9.5 Theses for a New Reformation
By Patrick Cheng
This article appears as a part of the Consultation on Re-envisioning the Relationship between Evangelicals and Gays. The Consultation invites a broad variety of perspectives on what that relationship ought to be, and how it can be made so. Check back for other articles and other perspectives in the days to come.
I am grateful to Patheos and Tim Dalrymple for inviting me to be part of this conversation about re-envisioning the relationship between Christian evangelicals and lesbian, gay, bisexual, and transgender (LGBT) people. All too often such discussions generate more heat than light, but it is my hope that this conversation might actually result in some metanoia on both sides of the divide.
First, a bit about me. I am an openly-gay theologian, minister, and (soon-to-be) seminary professor. I recently finished my Ph.D. in systematic theology at Union Theological Seminary in New York City, and I will be teaching historical and systematic theology at the Episcopal Divinity School in Cambridge, Massachusetts, in the fall. I grew up in the Roman Catholic Church, I have worked for the Episcopal Church for the last decade, and I am ordained with the Metropolitan Community Churches, which has quite a number of members who are LGBT evangelical Christians.
I have long been puzzled by the animosity between Christian evangelicals and the LGBT community. As someone who is passionate about scripture and biblical languages -- for example, not only do I own and regularly use hard copies of lexicons such as the unabridged Kittel and the EDNT, but I also love working with Bible software such as Logos and Accordance -- I have felt that there is actually much that evangelicals and LGBT people have in common.
As such, I would propose the following 9.5 theses for a new Reformation between Christian evangelicals and LGBT Christians. Hopefully this might lead to a broader conversation that could continue well beyond this particular forum.
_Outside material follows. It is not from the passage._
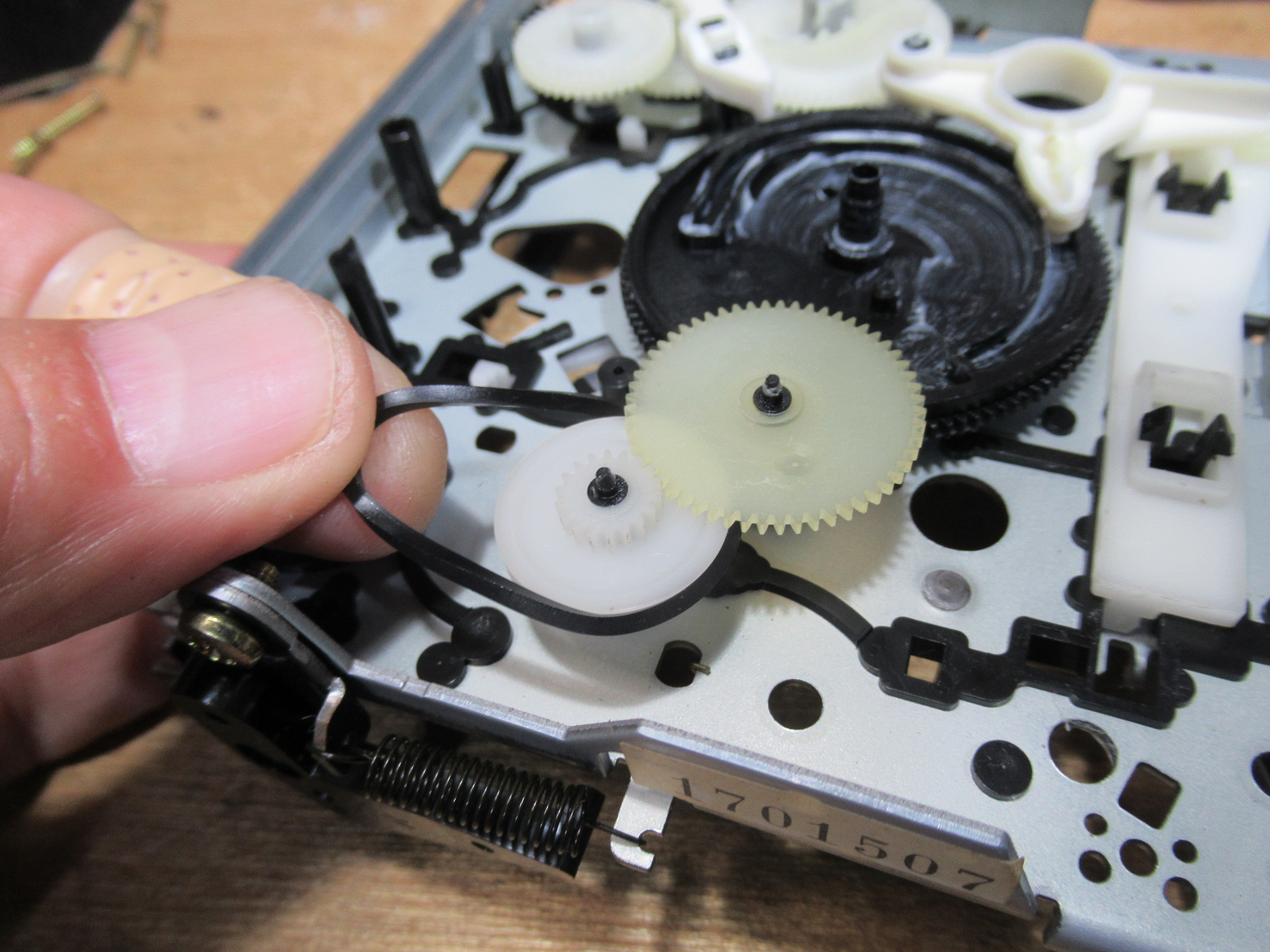 プーリーを脱脂して新しいベルトを仮掛けします。

1. LGBT relationships are grounded in love, which is at the very heart of our understanding of God and the Christian faith. I often wonder if anti-gay evangelicals really understand that LGBT relationships -- whether for a night or for a lifetime -- are really about love and not just sex. I personally have been together with my partner Michael for nearly nineteen years, which has given me a profound understanding of what hesed and agape means, both human and divine. If we Christians profess that God is love, that Jesus has given us a new commandment to love one another, and that the two great commandments have to do with love, why are not LGBT relationships, which are grounded in love, any less holy than non-LGBT relationships?
2. Christian evangelicals often lack compassion toward LGBT people, which makes it difficult, if not impossible, for LGBT people to hear the good news of the gospel. I have been amazed how anti-gay evangelicals, who ostensibly profess a gospel of forgiveness and compassion, can be so utterly uncompassionate toward LGBT people as well as other Christians with whom they disagree. I myself have been the recipient of hate mail, vulgar comments, and ad hominem attacks from self-identified Christians, simply for questioning the status quo about same-sex acts. Frankly, I believe a lot of the anger and fear comes from closeted Christians -- that is, those who are struggling with their own same-sex attractions -- who thus end up projecting their own self-hate on to LGBT people. What evangelicals should ask themselves is this: How do you expect LGBT people to hear any good news when all they experience is condemnation and hatred from Christians?